In preparing the financial statements, the directors are responsible for assessing the group's and the parent company’s ability to continue as a going concern, disclosing, as applicable, matters related to going concern and using the going concern basis of accounting unless the directors either intend to liquidate the group or the parent company or to cease operations, or have no realistic alternative but to do so.
Our objectives are to obtain reasonable assurance about whether the financial statements as a whole are free from material misstatement, whether due to fraud or error, and to issue an auditor’s report that includes our opinion. Reasonable assurance is a high level of assurance, but is not a guarantee that an audit conducted in accordance with ISAs (UK) will always detect a material misstatement when it exists. Misstatements can arise from fraud or error and are considered material if, individually or in the aggregate, they could reasonably be expected to influence the economic decisions of users taken on the basis of these financial statements.
A further description of our responsibilities for the audit of the financial statements is located on the Financial Reporting Council’s website at: http://www.frc.org.uk/auditorsresponsibilities. This description forms part of our auditor’s report.
Use of our report
This report is made solely to the company’s members, as a body, in accordance with Chapter 3 of Part 16 of the Companies Act 2006. Our audit work has been undertaken so that we might state to the company’s members those matters we are required to state to them in an auditor's report and for no other purpose. To the fullest extent permitted by law, we do not accept or assume responsibility to anyone other than the company and the company’s members as a body, for our audit work, for this report, or for the opinions we have formed.
The profit and loss account has been prepared on the basis that all operations are continuing operations.
As permitted by s408 Companies Act 2006, the company has not presented its own profit and loss account and related notes. The company’s loss for the year was £15,408 (2018 - £13,586 loss).
Oriental City Group Plc (“the company”) is a limited company domiciled and incorporated in England and Wales. The registered office is c/o Clarkson Hyde, 3rd Floor Chancery House, St Nicholas Way, Sutton, Surrey, SM1 1JB
The group consists of Oriental City Group Plc and all of its subsidiaries.
These financial statements have been prepared in accordance with FRS 102 “The Financial Reporting Standard applicable in the UK and Republic of Ireland” (“FRS 102”) and the requirements of the Companies Act 2006.
The financial statements are prepared in sterling, which is the functional currency of the company. Monetary amounts in these financial statements are rounded to the nearest £.
The financial statements have been prepared under the historical cost convention, modified to include certain financial instruments at fair value. The principal accounting policies adopted are set out below.
The company is a qualifying entity for the purposes of FRS 102, being a member of a group where the parent of that group prepares publicly available consolidated financial statements, including this company, which are intended to give a true and fair view of the assets, liabilities, financial position and profit or loss of the group. The company has therefore taken advantage of exemptions from the following disclosure requirements for parent company information presented within the consolidated financial statements:
Section 7 ‘Statement of Cash Flows’ – Presentation of a statement of cash flow and related notes and disclosures;
Section 11 ‘Basic Financial Instruments’ and Section 12 ‘Other Financial Instrument Issues’ – Carrying amounts, interest income/expense and net gains/losses for each category of financial instrument; basis of determining fair values; details of collateral, loan defaults or breaches, details of hedges, hedging fair value changes recognised in profit or loss and in other comprehensive income.

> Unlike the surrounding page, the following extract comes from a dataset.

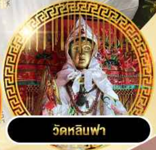
วัดหลิวฟา

The consolidated financial statements incorporate those of Oriental City Group Plc and all of its subsidiaries (ie entities that the group controls through its power to govern the financial and operating policies so as to obtain economic benefits). Subsidiaries acquired during the year are consolidated using the purchase method. Their results are incorporated from the date that control passes.

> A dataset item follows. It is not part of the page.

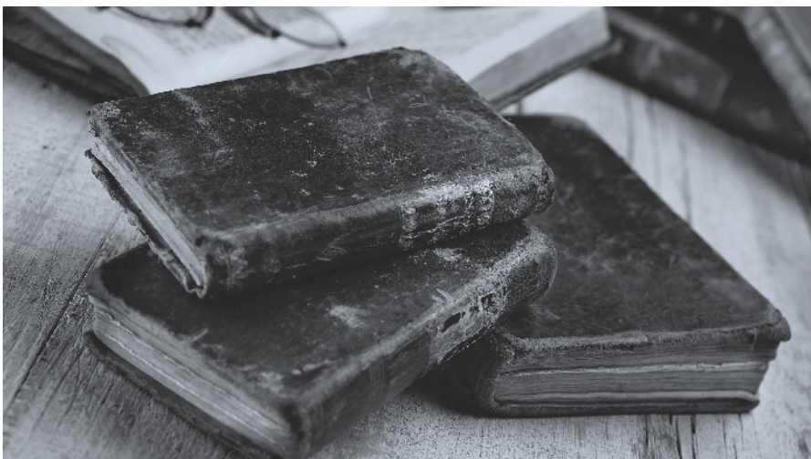
▶ De kritische methode om de Bijbel uit te leggen en de verlichte religieuze tolerantie voerden de boventoon.

Ondanks alle verschillen die er tussen onze tijd en de negentiende eeuw bestaan, kan het niet anders of we hebben ook de overeenkomsten opgemerkt. Ook onze tijd staat bol van de innerlijke tegenstrijdigheden. Bovendien spelen de beschreven historische processen tot op de dag van vandaag een rol in de samenleving en de tijdgeest. In een groot aantal opzichten zijn de overeenkomsten tussen het geestelijke/kerkelijke klimaat van de negentiende eeuw en onze tijd groter dan tussen de eerste helft van de twintigste eeuw en onze tijd. Het is onder andere om die reden dan ook raadzaam om enige kennis van de kerkgeschiedenis van de negentiende eeuw te hebben. We zijn dr. Fieret dankbaar dat hij in die leemte heeft willen voorzien. ♦

All financial statements are made up to 31 March 2019. Where necessary, adjustments are made to the financial statements of subsidiaries to bring the accounting policies used into line with those used by other members of the group.
All intra-group transactions, balances and unrealised gains on transactions between group companies are eliminated on consolidation. Unrealised losses are also eliminated unless the transaction provides evidence of an impairment of the asset transferred.

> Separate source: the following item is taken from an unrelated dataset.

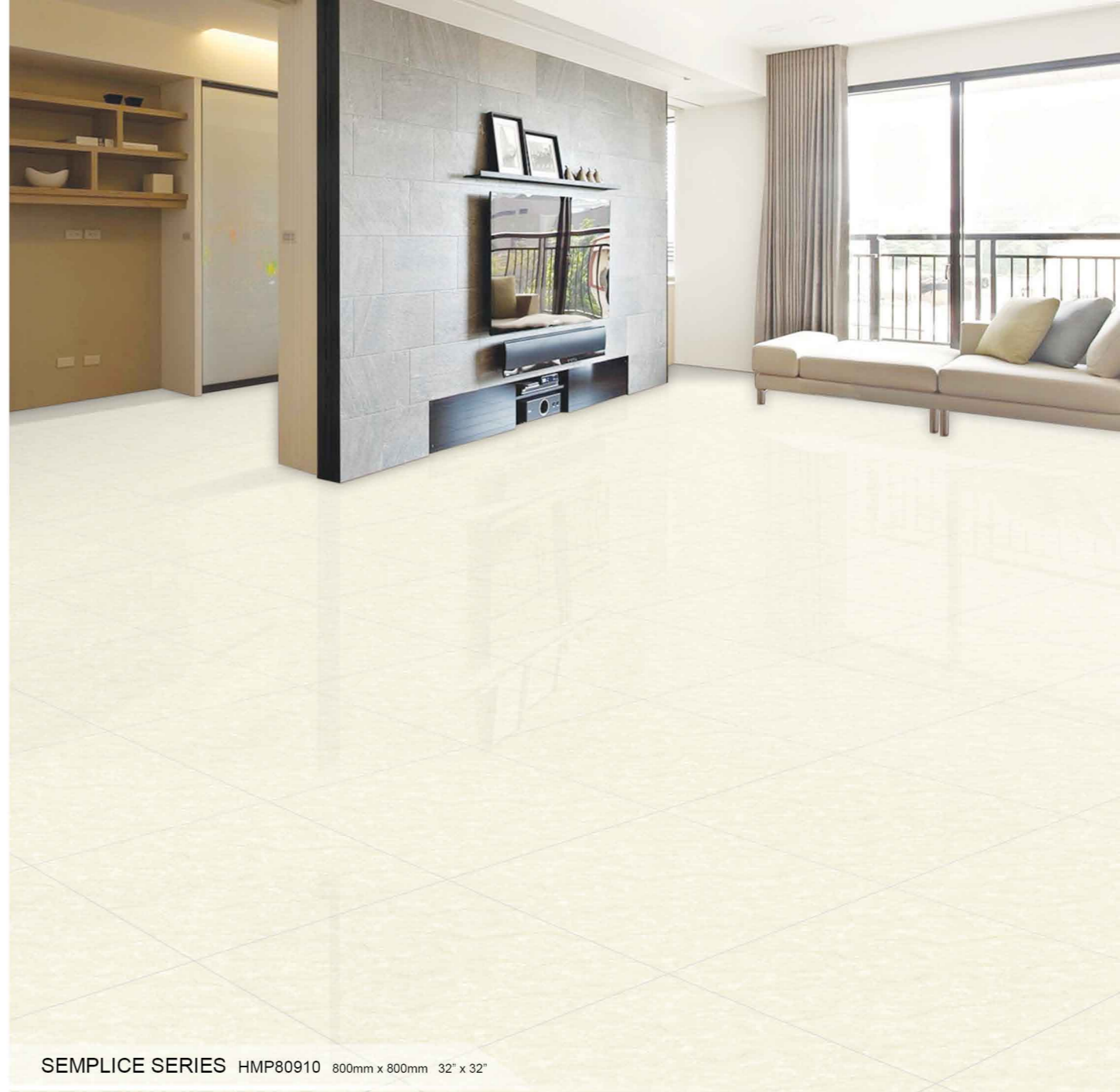
SEMPLICE SERIES HMP80910 800mm x 800mm 32" x 32"

At the time of approving the financial statements, the directors have a reasonable expectation that the company has adequate resources to continue in operational existence for the foreseeable future. Thus the directors continue to adopt the going concern basis of accounting in preparing the financial statements.
Other net income is recognised as follows:
Revenue is measured at the fair value of the consideration received or receivable. Provided it is probable that the economic benefits will flow to the group and the revenue and costs, if applicable, can be measured reliably, revenue is recognised in profit and loss as follows:
(i) Dividend income from listed investments is recognised when the share price of the dividend goes ex- dividend.
(ii) Interest income is recognised as it accrues using the effective interest method.
(iii) Net gains/losses on financial assets at fair value through profit or loss and those held for trading include realised gains/losses which are recognised on the transaction dates when the relevant contract notes are executed and entered, and unrealised fair value gains/losses are recognised in the period in which they arise.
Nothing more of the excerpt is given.